The proton pump inhibitor lansoprazole improves the skeletal phenotype in dystrophin deficient mdx mice

Abstract

Background: In Duchenne muscular dystrophy (DMD), loss of the membrane stabilizing protein dystrophin results in myofiber damage. Microinjury to dystrophic myofibers also causes secondary imbalances in sarcolemmic ion permeability and resting membrane potential, which modifies excitation-contraction coupling and increases proinflammatory/apoptotic signaling cascades. Although glucocorticoids remain the standard of care for the treatment of DMD, there is a need to investigate the efficacy of other pharmacological agents targeting the involvement of imbalances in ion flux on dystrophic pathology.

Methodology/principal findings: We designed a preclinical trial to investigate the effects of lansoprazole (LANZO) administration, a proton pump inhibitor, on the dystrophic muscle phenotype in dystrophin deficient (mdx) mice. Eight to ten week-old female mice were assigned to one of four treatment groups (n = 12 per group): (1) vehicle control; (2) 5 mg/kg/day LANZO; (3) 5 mg/kg/day prednisolone; and (4) combined treatment of 5 mg/kg/day prednisolone (PRED) and 5 mg/kg/day LANZO. Treatment was administered orally 5 d/wk for 3 months. At the end of the study, behavioral (Digiscan) and functional outcomes (grip strength and Rotarod) were assessed prior to sacrifice. After sacrifice, body, tissue and organ masses, muscle histology, in vitro muscle force, and creatine kinase levels were measured. Mice in the combined treatment groups displayed significant reductions in the number of degenerating muscle fibers and number of inflammatory foci per muscle field relative to vehicle control. Additionally, mice in the combined treatment group displayed less of a decline in normalized forelimb and hindlimb grip strength and declines in in vitro EDL force after repeated eccentric contractions.

Conclusions/significance: Together our findings suggest that combined treatment of LANZO and prednisolone attenuates some components of dystrophic pathology in mdx mice. Our findings warrant future investigation of the clinical efficacy of LANZO and prednisolone combined treatment regimens in dystrophic pathology.

Figure 1. Effect of treatment on in vitro muscle force.

The maximal (A) and specific (B) EDL muscle force was compared between vehicle control (n = 8), LANZO (n = 7), prednisolone (n = 8), and combined treatment groups (n = 9). The percent differences in maximal or specific force relative to vehicle control are presented above the error bars. No statistically significant differences in maximal muscle force were detected within treatment groups. There were statistically significant within group differences in specific muscle force (p = 0.0242), although no statistically significant between group differences were observed. (C) The EDL muscles of C57Bl/10 and mdx mice in each of the four treatment groups were subjected to four lengthening contractions and the decline in maximal force was tested using a mixed-effects linear regression model.
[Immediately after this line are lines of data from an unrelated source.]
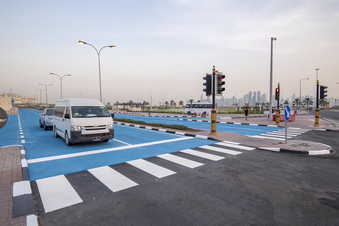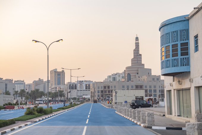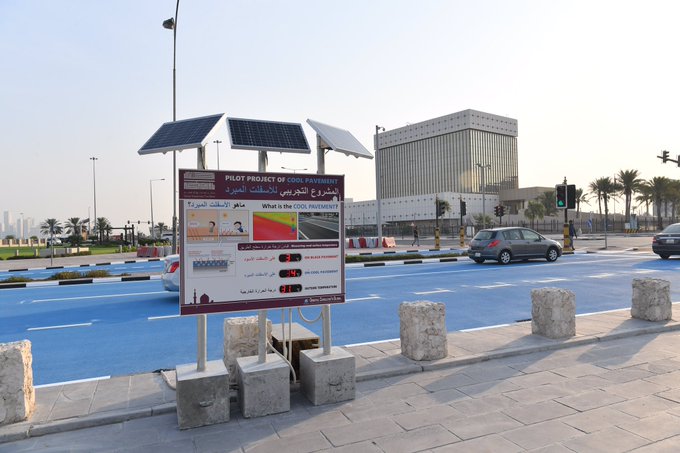A blue road near Souq Waqif has been intriguing visitors for some time. Now, Ashghal has come out with an explanation for the colourful pavement on parts of Abdullah bin Jassim Street by Souq Waqif – it is a ‘pilot project for cool pavement’.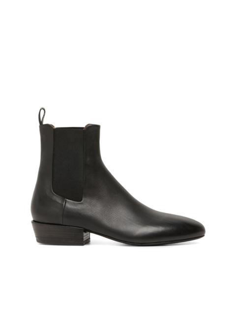 Granblocco Chelsea boots taupe grey leather polished finish pull-tab at the heel almond toe elasticated side panels stacked heel leather sole Made in Italy Composition Outer: Leather 100% Sole: Leather 100% Lining: Leather 100%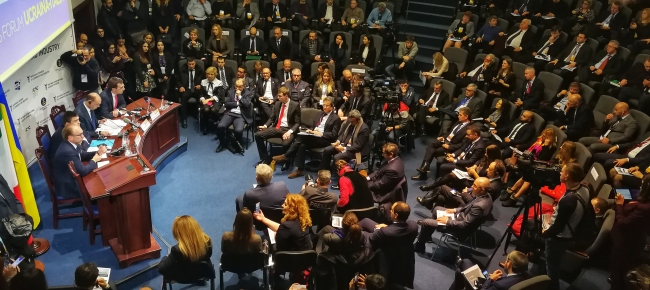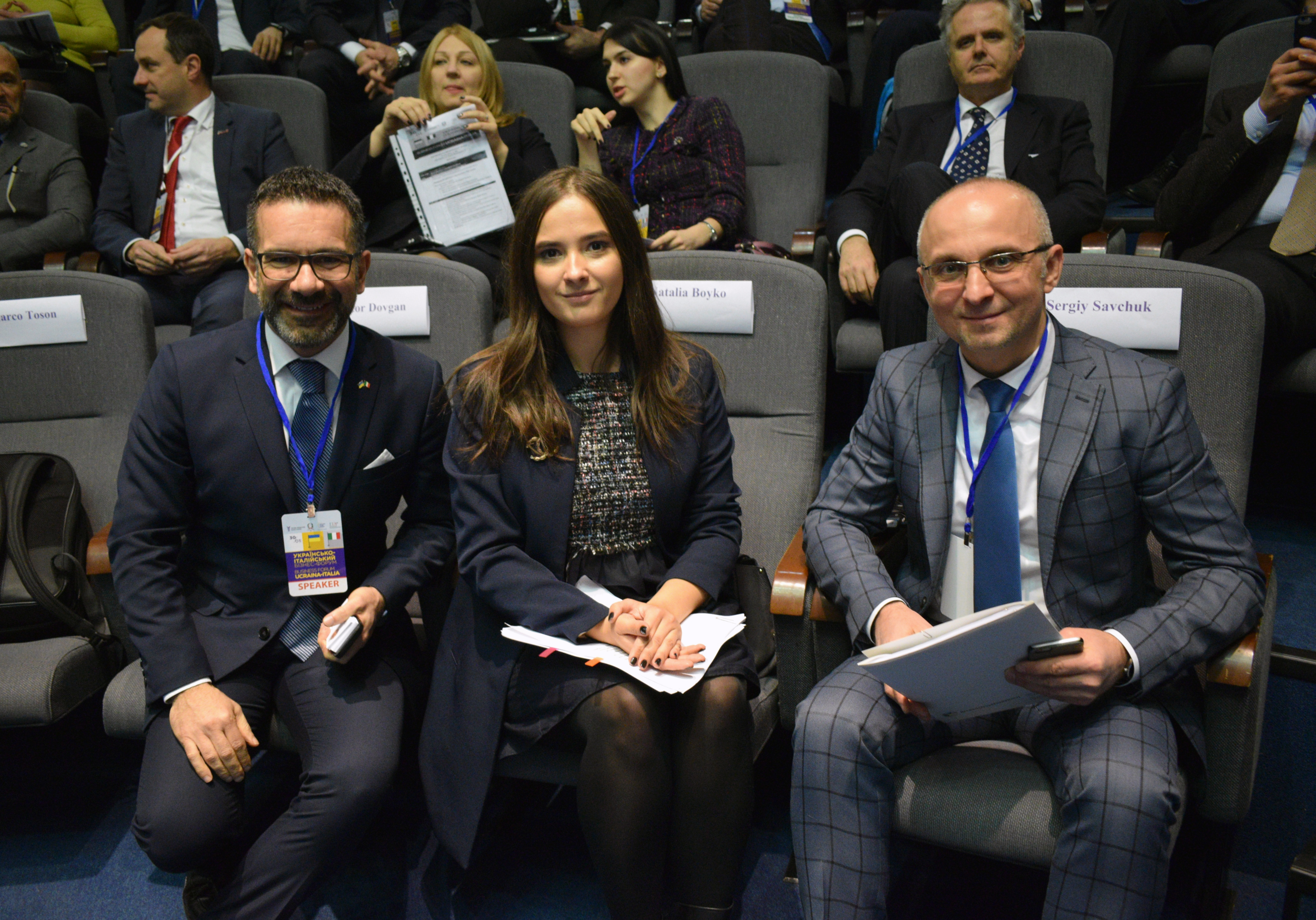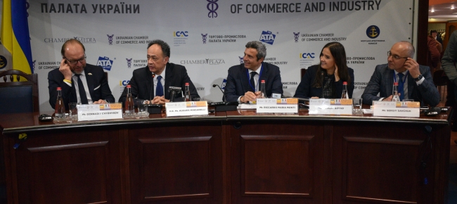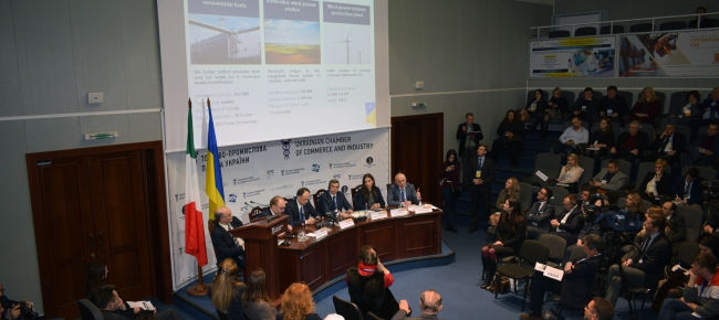 Стан, перспективи та пріоритетні напрямки українсько-італійського економічного та інвестиційного співробітництва, умови та переваги ведення бізнесу в Україні та Італії окреслили Міністр закордонних справ України Павло Клімкін, Міністр інфраструктури України Володимир Омелян, Голова Представництва ЄС в Україні Хюґ Мінґареллі та заступник Міністра енергетики та вугільної промисловості України з питань європейської інтеграції Наталія Бойко.

Maximal force was also shown to decrease after each subsequent contraction due to the damage incurred by the lengthening contractions. *The overall decline in maximal force was significantly lower in response to repeated lengthening contractions in the combined treatment group relative to vehicle control.

Figure 2. Effect of treatment on Rotarod latency to fall.

Latency to fall time was measured between treatment groups (n = 12 per group, with the exception of the vehicle control [n = 10]) via Rotarod testing during the last week of the trial. The data analyzed is an average of six latency to fall scores where Rotarod testing was performed two times per day for 3 consecutive days after a 24 h acclimation period. Time to fall was compared between treatment groups using a log-rank test and Kaplan-Meier estimate. Although the LANZO and combined treatment groups displayed a greater median time to fall, no statistically significant differences were detected between treatment groups.

Figure 3. Effect of treatment on histological parameters between treatment groups at 20 weeks.

H&E staining was performed on gastrocnemius muscle cross sections. Muscle histology (number of degenerating, regenerating and inflammatory foci per field) was averaged over five representative fields of non-overlapping fiber cross-sections (A–C). (A) Average number of degenerating fibers per field. (B) Average number of regenerating fibers per field. (C) Average number of inflammatory cell foci per field per group. (D–G) Representative gastrocnemius muscle cross sectional fields taken from vehicle control (D), LANZO-treated (E), prednisolone-treated (F), and combined treatment (G) groups.

Figure 4. Effect of treatment on creatine kinase.

Serum CK levels at time of sacrifice between vehicle control (n = 9), LANZO (n = 11), prednisolone (n = 12), and combined treatment (n = 11) groups. There were three mice for which a cardiac venipuncture was not obtained due to technical difficulties. All sera was obtained via cardiac venipuncture and analyzed in duplicate via enzymatic assay. Statistical analysis was performed on log-transformed data. Upon removal of two outliers in the vehicle and LANZO groups, no statistical differences remained among treatment groups (not shown).